No, see. Currently. See Petco prices are still a bit higher than what we are holding. But since we have an inventory it will not have much impact. But yes, all the new shipments would be higher because mainly a. Because there have been a increase in the fuel in petco. 7 $8 and did rupee devaluation.

Navin Sahadev

So my second question is that what would be the exit utilizing for the panna line 2 for the December quarter? Exit.

Ajay Kumar Saraogi

Exit utilization.

Navin Sahadev

Yeah.

Ajay Kumar Saraogi

So exit utilization. The clinker. Again it depends. Since we will not be able to fully utilize a plant. So Clinker we would be definitely in a position to optimize the kill by end of the quarter two. As far as the. You know all the grinding capacities are concerned. It is a seasonal. It’s very difficult when all the, you know, output warranties would be completed. But you utilization very difficult to say what would be the utilization? Exit utilization. It’s very difficult to say what would be that number.

Navin Sahadev

Okay, the last question. Can we assume the commissioning of the grinding unit at Rajasthan and Punjab to be commissioned simultaneously with the project.
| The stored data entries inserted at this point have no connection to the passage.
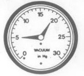 The gauge at left shows an extremely low reading, which holds fairly steady. This means the engine is producing less power and, therefore, less vacuum. Common causes of steady low reading are blowby due to worn piston rings or possibly late ignition or valve timing. An extremely low reading could also indicate an air leak at the intake manifold or throttle body.
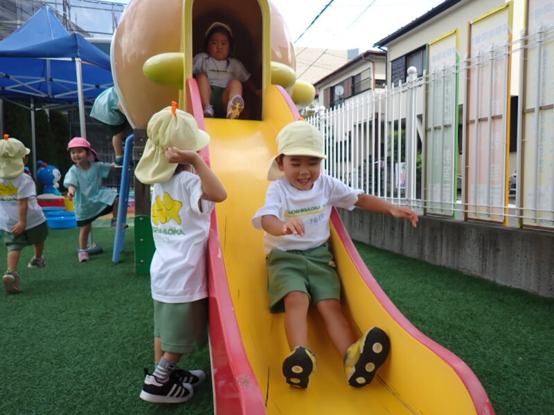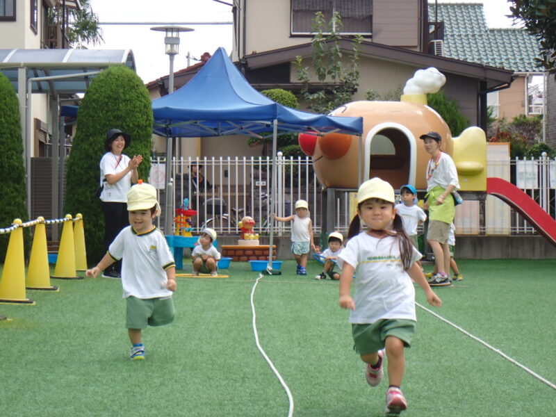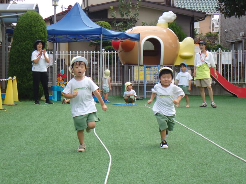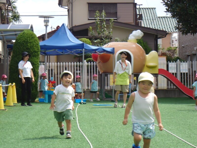 蒸し暑さはあるものの、太陽が隠れて外遊びのチャンス!運動会の取り組みも🏃「位置について ヨーイ ドン!」の練習も✨ヨーイで足を下げ走るポーズを教えてもらいました!
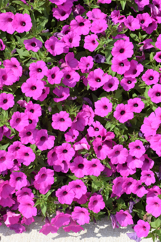 Planting & Growing Supertunia Vista® Jazzberry® Petunia will grow to be about 24 inches tall at maturity, with a spread of 3 feet. When grown in masses or used as a bedding plant, individual plants should be spaced approximately 20 inches apart. Its foliage tends to remain dense right to the ground, not requiring facer plants in front. This fast-growing annual will normally live for one full growing season, needing replacement the following year. This plant does best in full sun to partial shade. It prefers to grow in average to moist conditions, and shouldn't be allowed to dry out. It is not particular as to soil type or pH. It is highly tolerant of urban pollution and will even thrive in inner city environments. This particular variety is an interspecific hybrid. It can be propagated by cuttings; however, as a cultivated variety, be aware that it may be subject to certain restrictions or prohibitions on propagation. Supertunia Vista® Jazzberry® Petunia is a fine choice for the garden, but it is also a good selection for planting in outdoor containers and hanging baskets. Because of its trailing habit of growth, it is ideally suited for use as a 'spiller' in the 'spiller-thriller-filler' container combination; plant it near the edges where it can spill gracefully over the pot. It is even sizeable enough that it can be grown alone in a suitable container. Note that when growing plants in outdoor containers and baskets, they may require more frequent waterings than they would in the yard or garden. Characteristics
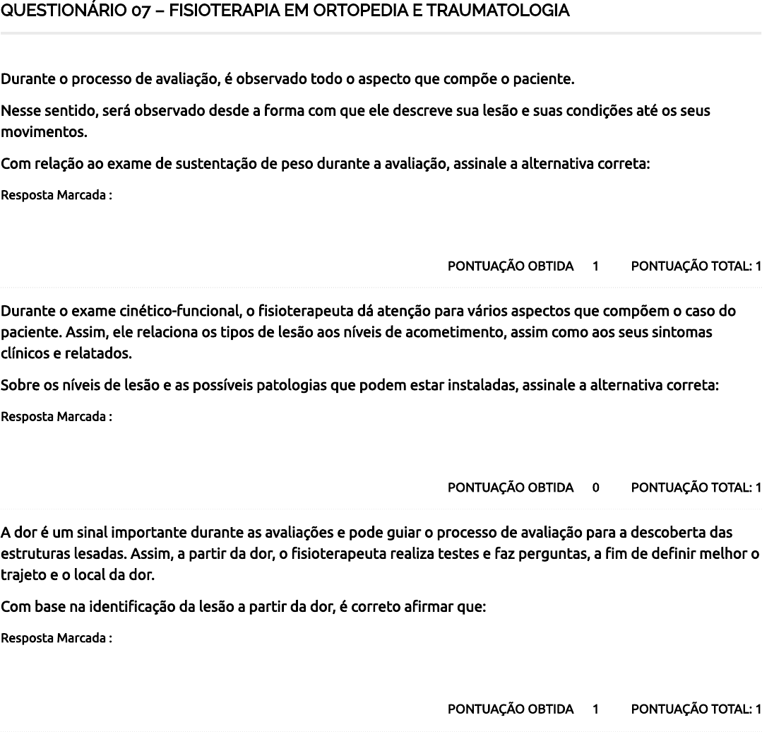 <p>QUESTIONÁRIO 07 – FISIOTERAPIA EM ORTOPEDIA E TRAUMATOLOGIA</p><p>PONTUAÇÃO TOTAL: 1PONTUAÇÃO OBTIDA 1</p><p>Durante o processo de avaliação, é observado todo o aspecto que compõe o paciente.</p><p>Nesse sentido, será observado desde a forma com que ele descreve sua lesão e suas condições até os seus</p><p>movimentos.</p><p>Com relação ao exame de sustentação de peso durante a avaliação, assinale a alternativa correta:</p><p>Resposta Marcada :</p><p>O �sioterapeuta deve ter precaução ao realizar esse teste, visto que em alguns casos o paciente não está liberado</p><p>para fazer a descarga.</p><p>PONTUAÇÃO TOTAL: 1PONTUAÇÃO OBTIDA 0</p><p>Durante o exame cinético-funcional, o �sioterapeuta dá atenção para vários aspectos que compõem o caso do</p><p>paciente. Assim, ele relaciona os tipos de lesão aos níveis de acometimento, assim como aos seus sintomas</p><p>clínicos e relatados.</p><p>Sobre os níveis de lesão e as possíveis patologias que podem estar instaladas, assinale a alternativa correta:</p><p>Resposta Marcada :</p><p>Na lesão neurológica, pode haver o alongamento do nervo �bular profundo devido à tenossinovite dos músculos</p><p>�bulares.</p><p>PONTUAÇÃO TOTAL: 1PONTUAÇÃO OBTIDA 1</p><p>A dor é um sinal importante durante as avaliações e pode guiar o processo de avaliação para a descoberta das</p><p>estruturas lesadas. Assim, a partir da dor, o �sioterapeuta realiza testes e faz perguntas, a �m de de�nir melhor o</p><p>trajeto e o local da dor.</p><p>Com base na identi�cação da lesão a partir da dor, é correto a�rmar que:</p><p>Resposta Marcada :</p><p>São fatores importantes para a avaliação da dor: o horário, o tipo, os movimentos que a reproduzem e o</p><p>mecanismo de lesão.</p><p>29/08/2024, 10:43 Course Status – AVA Saúde Unifaveni</p><p>https://ava.saude.unifaveni.com.br/course-status/ 1/2</p><p>2 / 5</p><p>PONTUAÇÃO TOTAL: 1PONTUAÇÃO OBTIDA 0</p><p>O processo de avaliação cinético-funcional consiste em vários tipos de avaliação no exame físico. Essas avaliações</p><p>serão direcionadas pelo �sioterapeuta a partir da queixa do paciente e da sintomatologia que vai sendo</p><p>descoberta por ele. Nesse sentido, é importante que ele domine todas as técnicas de avaliação para realizar uma</p><p>investigação completa.</p><p>Com relação às técnicas �sioterapêuticas que podem ser adotadas durante a avaliação, assinale a alternativa</p><p>correta:</p><p>Resposta Marcada :</p><p>O teste de pronação da articulação talocalcânea pode ser realizado por �eximetria ou goniometria, e o local de</p><p>avaliação é a linha do tendão de Aquiles.</p><p>PONTUAÇÃO TOTAL: 1PONTUAÇÃO OBTIDA 0</p><p>Há diversos tipos de tratamentos para distúrbios e patologias que envolvem o tornozelo e o pé. Nesse sentido, o</p><p>�sioterapeuta pode contar com diversos recursos, desde os mais simples e acessíveis até os que envolvem maior</p><p>investimento e cursos de especialidades.</p><p>Sobre a aplicação dos métodos e das técnicas nos tratamentos, assinale a alternativa correta:</p><p>Resposta Marcada :</p><p>Os exercícios de equilíbrio e força constituem a fase aguda do tratamento, podendo o �sioterapeuta evoluir a</p><p>cada semana, progredindo o paciente.</p><p>Total de Pontos</p><p>29/08/2024, 10:43 Course Status – AVA Saúde Unifaveni</p><p>https://ava.saude.unifaveni.com.br/course-status/ 2/2</p>
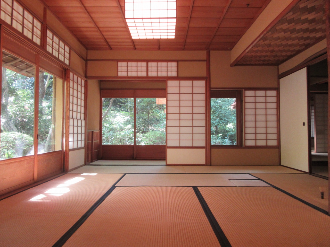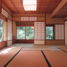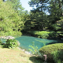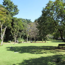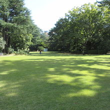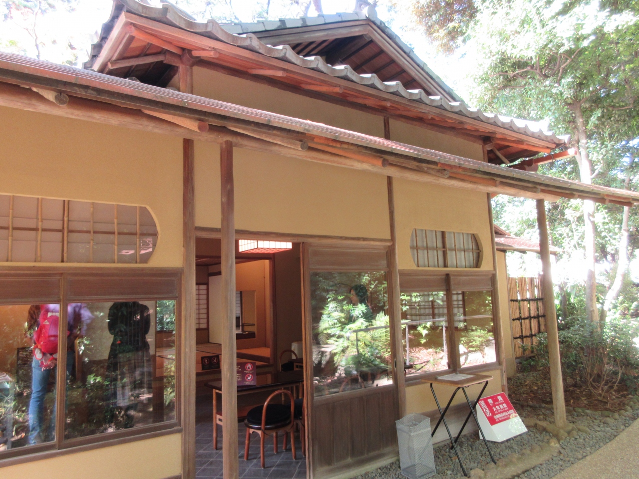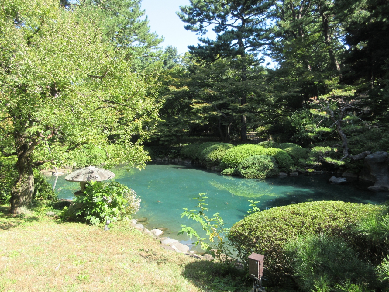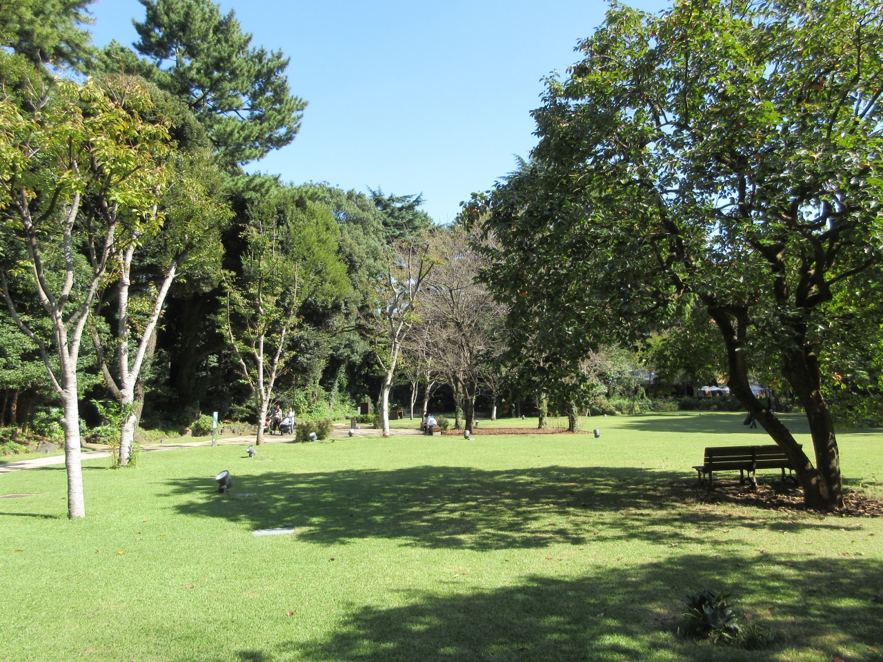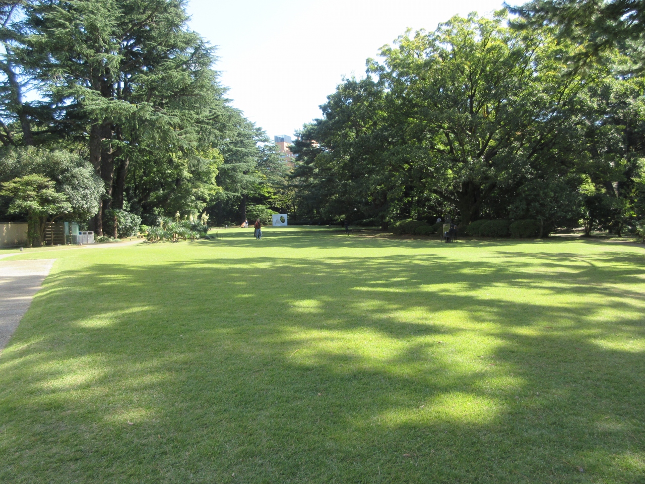 目黒駅から徒歩7分ほどの目黒通りに面した東京都庭園美術館の庭園です。美術館脇の入口を通ると広い芝生があります。奥に日本庭園と茶室があり、茶室の立礼席から広間を見ることができます。茶室の前の池に大きな鯉が泳いでいました。池はコンクリートの底のようで青い水が人工的で日本庭園に不釣り合いな色でした。道路脇の西洋庭園は芝生の中央に色づき始めた柿が2本生えていました。パラソルとテーブルとイスがあり明るい気持ちの良い場所でした。手入れされている芝生に日が当たり気持ちいい庭園です。弁当を持ってきてパラソルの下やベンチで食べるのもいいでしょう。難点は目黒通りや首都高2号線を通る車の騒音が絶えずすることです。素晴らしい庭園なのに気になりました。

Or. Will there be a lag?

Ajay Kumar Saraogi

One grinding unit should definitely be there at the split location. If not the both. But let us see. But still, since there would be a grinding at the integrated plant, even if there is a delay, we will be able to manage.

Navin Sahadev

Sure, sir. This is very nice. Thank you. These were my questions.

Operator

Thank you. Ladies and gentlemen, due to time constraints that would be the last question for today which is from the line of Pad Bhavsar from Envestech. Please go ahead.

Navin Sahadev

Yeah. Thank you. All my questions have been answered.

Operator

Thank you. Ladies and gentlemen. As this was the last question for today I now hand the conference over to Mr. Vaibhar Agarwal for closing comments.

Vaibhav Agarwal

Thank you very much. Thank you.

Ajay Kumar Saraogi

Yeah. Thank you everyone for joining the call. Thank you.

Operator

Thank you ladies and gentlemen. On behalf of Philip Capital India Private Limited, thank you for joining us. And you may now disconnect your lines.